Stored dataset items
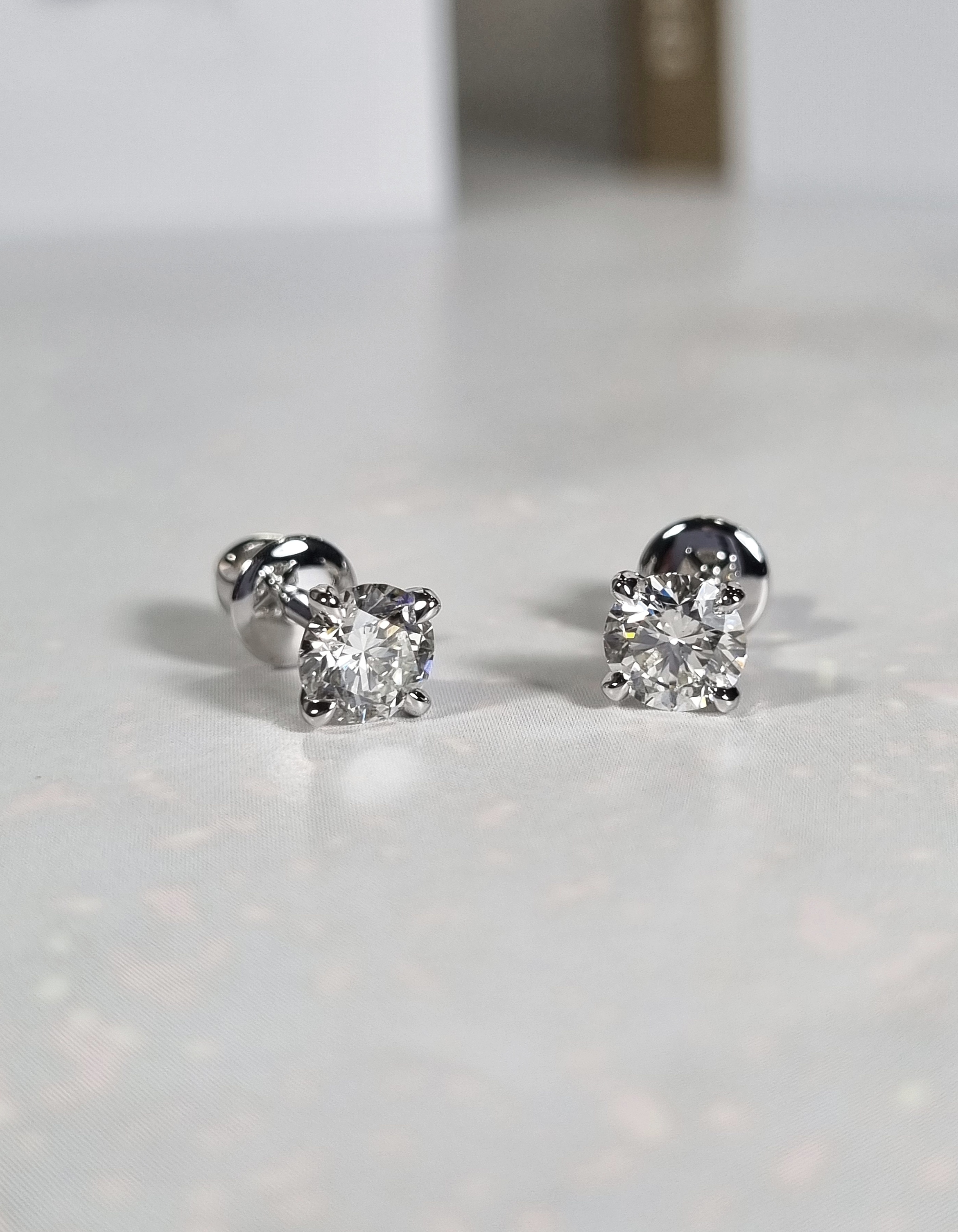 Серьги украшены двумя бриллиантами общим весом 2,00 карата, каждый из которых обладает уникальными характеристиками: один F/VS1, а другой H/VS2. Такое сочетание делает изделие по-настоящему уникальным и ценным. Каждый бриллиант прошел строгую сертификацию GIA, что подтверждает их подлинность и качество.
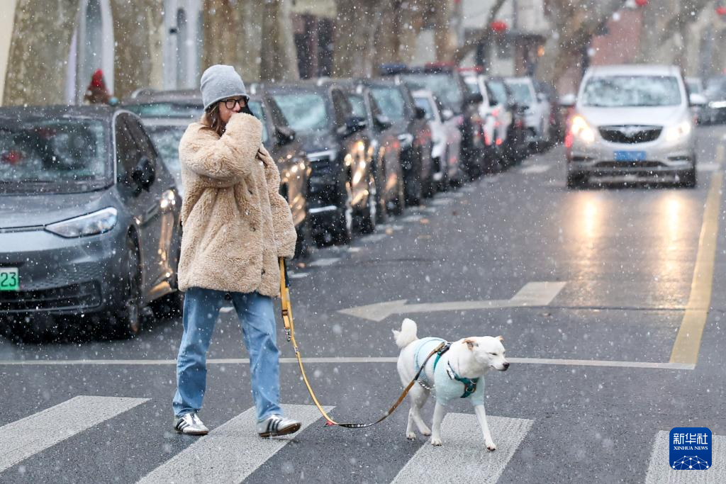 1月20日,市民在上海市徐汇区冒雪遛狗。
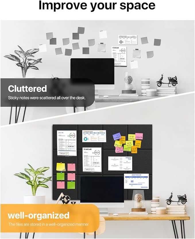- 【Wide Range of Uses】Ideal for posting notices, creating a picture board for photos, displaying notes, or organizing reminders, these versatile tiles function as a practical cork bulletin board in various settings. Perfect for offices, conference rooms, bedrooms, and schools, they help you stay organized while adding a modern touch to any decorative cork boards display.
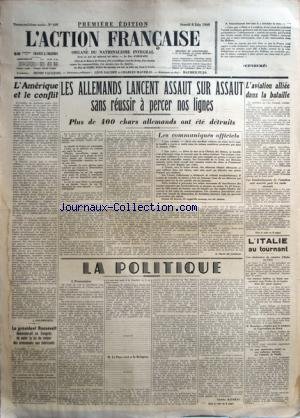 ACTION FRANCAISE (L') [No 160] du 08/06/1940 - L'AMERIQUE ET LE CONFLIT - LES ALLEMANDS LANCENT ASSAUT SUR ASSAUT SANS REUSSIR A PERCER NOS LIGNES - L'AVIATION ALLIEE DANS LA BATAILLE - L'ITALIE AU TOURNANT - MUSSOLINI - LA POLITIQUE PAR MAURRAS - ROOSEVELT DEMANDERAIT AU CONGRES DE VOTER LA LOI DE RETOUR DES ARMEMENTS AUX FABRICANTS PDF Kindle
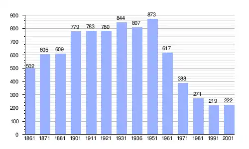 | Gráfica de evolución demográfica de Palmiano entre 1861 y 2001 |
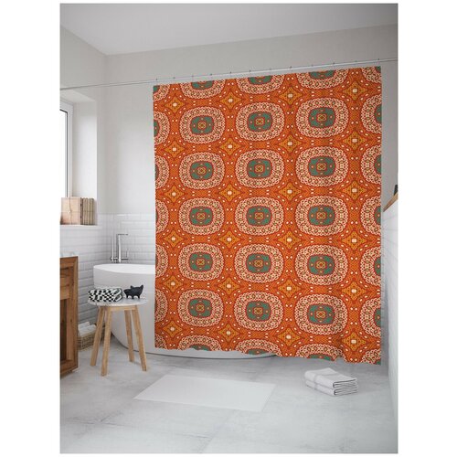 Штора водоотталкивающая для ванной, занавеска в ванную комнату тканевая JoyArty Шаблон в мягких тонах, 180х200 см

◆ YOUR OBJECTIVE ◆
Reproduce exactly, with no pictures, the lines above from the one holding "1月20日,市民在上海市徐汇区冒雪遛狗。" to the one holding "- 【Wide Range", inclusive.

◆ THE COMPLETED TASK ◆
 1月20日,市民在上海市徐汇区冒雪遛狗。
- 【Wide Range of Uses】Ideal for posting notices, creating a picture board for photos, displaying notes, or organizing reminders, these versatile tiles function as a practical cork bulletin board in various settings. Perfect for offices, conference rooms, bedrooms, and schools, they help you stay organized while adding a modern touch to any decorative cork boards display.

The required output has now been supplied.